Monte was trying to position me for the shot.
“Watch that little tangle,” he said, and as he spoke, a grouse thundered up from a tangle of grape vines in front of Babe. I wasn’t able to pick up the bird until it was tree-top high, and I snapped off a two-shot, 12-gauge salute through a screen of bare tree limbs — with no effect on the fast-flying bird.
One flush in the first half-hour of hunting, but no bird.
You need to have a hard head to hunt grouse in Georgia. Most hunters measure their success by the number of flushes per day. Killing a bird is usually an icing-on-the-cake bonus.
Monte has been hunting grouse in north Georgia and North Carolina clearcuts since the late 1960s. In the mid 80s he averaged 35 to 40 birds per season. That number has dropped by about 50 percent in recent years to around 20 birds per season. The primary reason for the drop in hunting success is the loss of suitable early-successional habitat for grouse.
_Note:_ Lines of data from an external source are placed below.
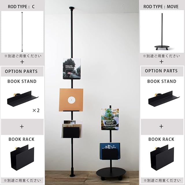 Tension Rod / Move Rod と組み合わせて使用できる、縦専用アクセサリーのブックスタンドです。お気に入りの本やアート、レコードを飾ることで、自分らしさを表現できるインテリアを作ることができます。
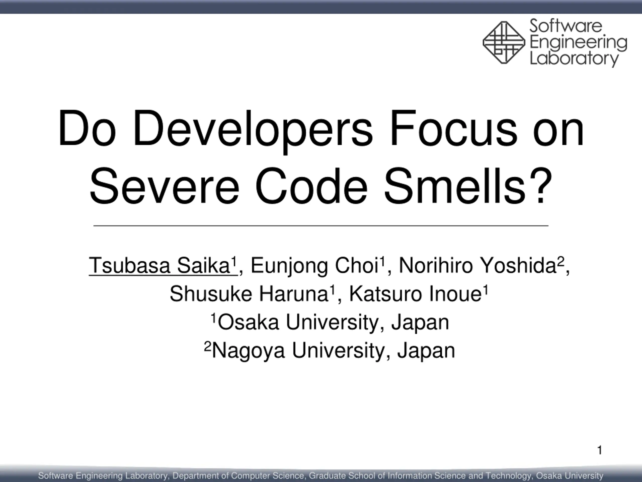 Do Developers Focus on Severe Code Smells? Tsubasa Saika1, Eunjong Choi1, Norihiro Yoshida2, Shusuke Haruna1, Katsuro Inoue1 1Osaka University, Japan 2Nagoya University, Japan 1 Software Engineering Laboratory, Department of Computer Science, Graduate School of Information Science and Technology, Osaka University
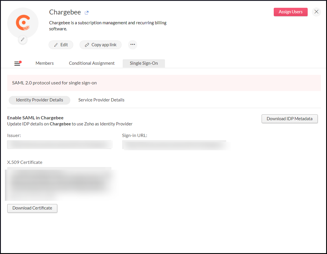 icon next to the app's name. If everything is working, you should be automatically signed in and taken to Chargebee's homepage.
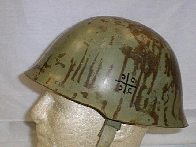 | CAHMT9.Bosnian Serb helmet with the Serbian cross and 4 c's drawn on both sides with a black marker. $69.95 |
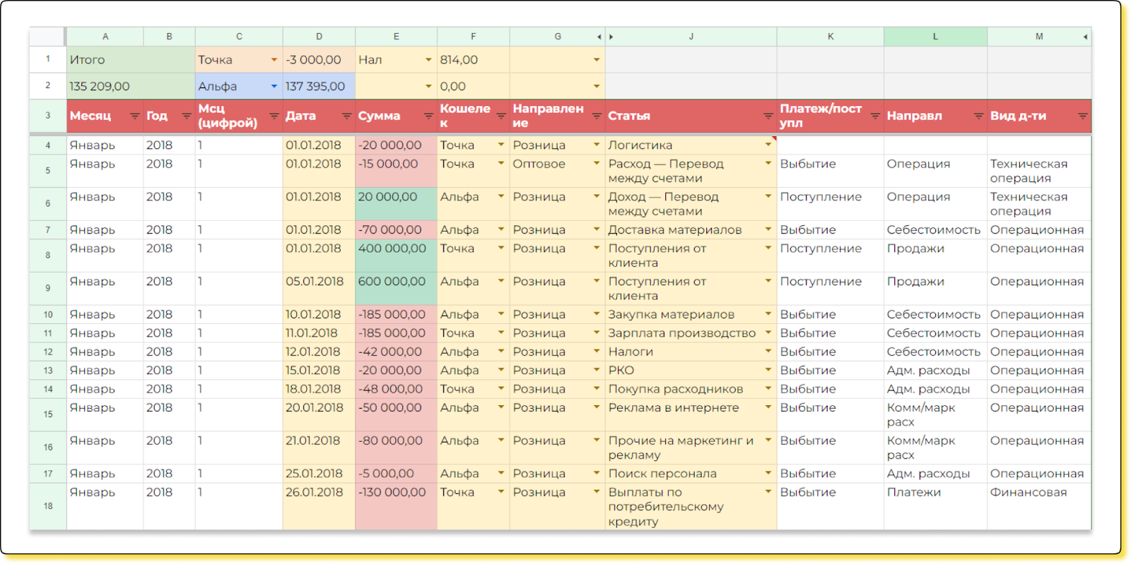 Анализ по направлениям помогает определить, что именно генерирует бизнесу деньги. А анализ статей — понять, почему в этом месяце мы заплатили деньги и в таком количестве.
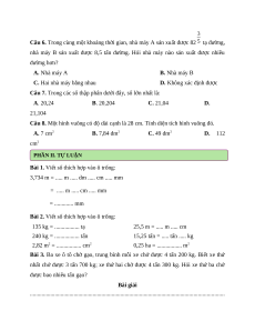 Câu 5. Diện tích ô cửa sổ nhà em khoảng: A. 2,5 km2 B. 2,5 ha C. 2,5 m2 D. 2,5 cm2
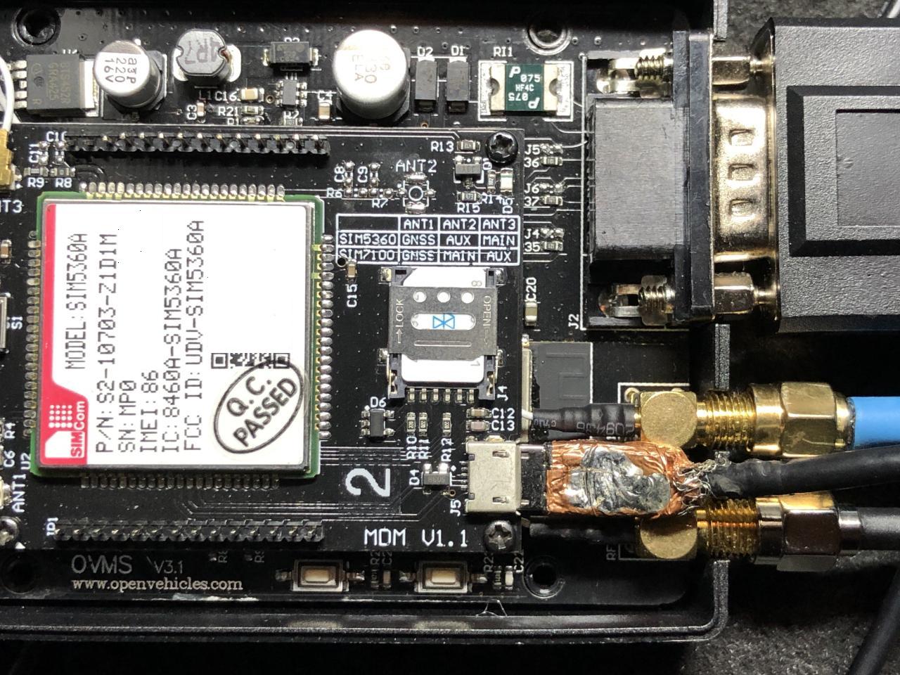 The simcom on one of my modules wedged today and had some time to poke at it. When I turn on simcom debugging I see "AT" commands once a second: D (1199981) simcom: tx scmd ch=0 len=4 : AT D (1200981) simcom: tx scmd ch=0 len=4 : AT but no responses. I wanted to see if I could talk to the simcom via the usb connector on the modem card so I sacrificed a micro usb cable and hacked the molded end off so I could plug it in without detaching the modem board from the main board (see attached). Next I spent a few minutes with a spare module looking for a windows 10 driver. The sim5360 (rar) archive from techship.com didn't work but the windows 8 zip file from here did: https://github.com/botletics/SIM7000-LTE-Shield/tree/master/SIM7000%20Docume... I ended up with four com ports (at, nema, diagnostic, and audio) and was able to talk to the spare modem. Then I went out to plug into the simcom in the car. The first thing I noticed was that the blue led on the modem board is not lit and (as expected) I got nothing from the at com port. For completeness I tried rebooting the module but it help. I now believe wedging the simcom involves running the car for a short amount of time. In this particular case I moved the car out of the garage to make room for some work on my other car. An hour later I moved it back. The run time was 1-2 minutes each time. A bit later when I tested Mark's new ios app I noticed that the car was not reporting a location. I looked at the simcom docs a bit and it's too bad the simcom RESET pin isn't connected to a pio pin. It'll be a couple of days before I'll need the gps to work in case there are ideas of what can be done via software to wake up the simcom. I might trying add a simcom command to set PWKEY to an arbitrary state to see if holding it low for more than one second does anything. Craig
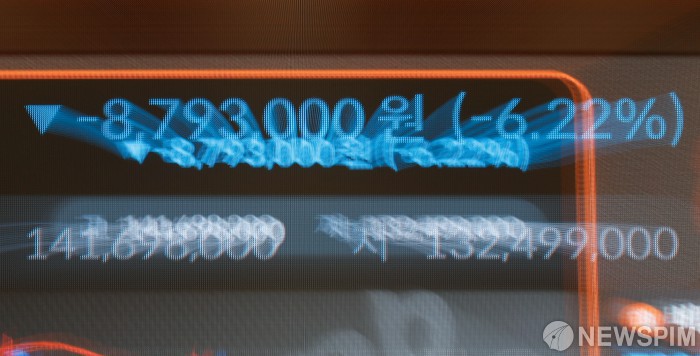 [서울=뉴스핌] 류기찬 기자 = 비트코인이 7개월 만에 9만 달러 선 밑으로 하락한 18일 오후 서울 강남구 빗썸라운지 전광판에 비트코인 시세가 표시되고 있다. 오후 3시 50분 빗썸 기준 1억 3천 2백만원대를 기록하고 있다. 2025.11.18 ryuchan0925@newspim.com |
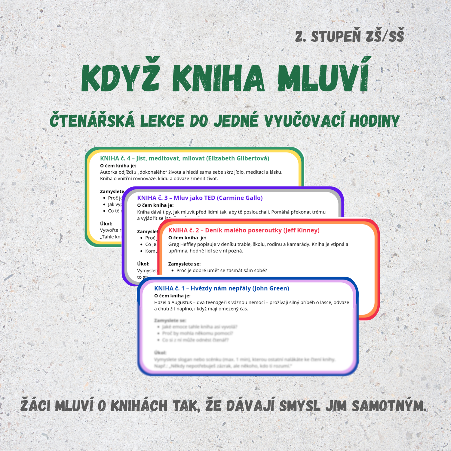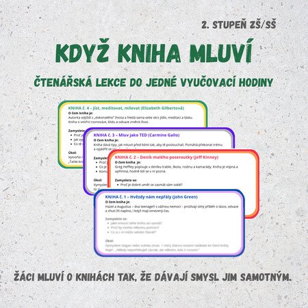 Když kniha mluví je hotová čtenářská lekce určená pro 2. stupeň ZŠ a SŠ. Je postavená na spolupráci, diskusi a sdílení – ne na referátu ani převyprávění děje. Cílem je, aby žáci dokázali o knize mluvit tak, že jí sami rozumějí a dokážou vysvětlit, proč má smysl ji číst.
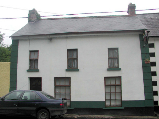 Attached three-bay two-storey house, c.1840. Extensively renovated, c.1990, with some openings remodelled to ground floor. Pitched roof with replacement artificial slate, c.1990, decorative red clay ridge tiles, red brick Running bond chimney stacks, and cast-iron rainwater goods on render eaves. Painted rendered, ruled and lined wall to front (south-east) elevation (possibly replacement, c.1990) with rendered channelled piers. Painted roughcast wall to rear (north-west) elevation with roughcast buttress. Square-headed window openings (remodelled, c.1990, to ground floor) with rendered sills (replacement concrete sills, c.1990, to ground floor). Replacement timber casement windows, c.1990. Square-headed door opening with replacement glazed timber panelled door, c.1990. Road fronted.

When Monte and I hunted the same clearcuts back in 1988, they were about 12 years old and in their prime for grouse. Grouse need early-successional habitat that provides both cover and food on the ground, as well as overhead cover to discourage an ambush by a hawk or owl. Clearcuts younger than about six years are too thick for both grouse and hunters. And as clearcuts age beyond 15 years, they become too open. The bad news for grouse in Georgia is that there has been no commercial timber harvest on the National Forest since 1996 when litigation from environmental groups shut down timber harvest. Early-successional habitat that used to make up about 7 percent of the National Forest now makes up less than 3 percent.
In his best grouse-hunting years during the mid 1980s, Monte recorded nearly 1.5 flushes per hour. Last season, Monte averaged .75 flushes per hour of hunting effort. For the season, he killed one grouse per eight to 10 hours of hunting, or roughly one bird per two trips. To date this year, after four trips, he has not killed a bird.
“The other grouse hunters I know say about the same thing,” he said. “If the Forest Service doesn’t start cutting timber, what cuts we have will disappear. If you don’t have the early-successional habitat, it’s not going to get any better for grouse.”
In large part, Monte continues to hunt because of his dog. As Babe worked ahead of us, she would occasionally stop and look back, checking on Monte’s whereabouts.
“Okay, Babe,” he would call. Reassured, she would lope on.
“She wants to please me,” said Monte. “That’s why I keep hunting even if I don’t think I have much of a chance. I love to see her work.”
Monte likes to hunt behind Brittany Spaniels.
“They have as good a nose as any, they make a good house pet, and they are a retriever — more so than some pointers,” said Monte. “I doubt that I would pick up a third of the birds I shoot without the dog.”
We continued across the side of the slope in the direction the flushed bird had taken. Sometimes a bird will land within 150 yards, said Monte, or sometimes they will glide for a mile. This time, at about 150 yards we heard the whir of wing beats as we bumped a grouse, either the same bird or another.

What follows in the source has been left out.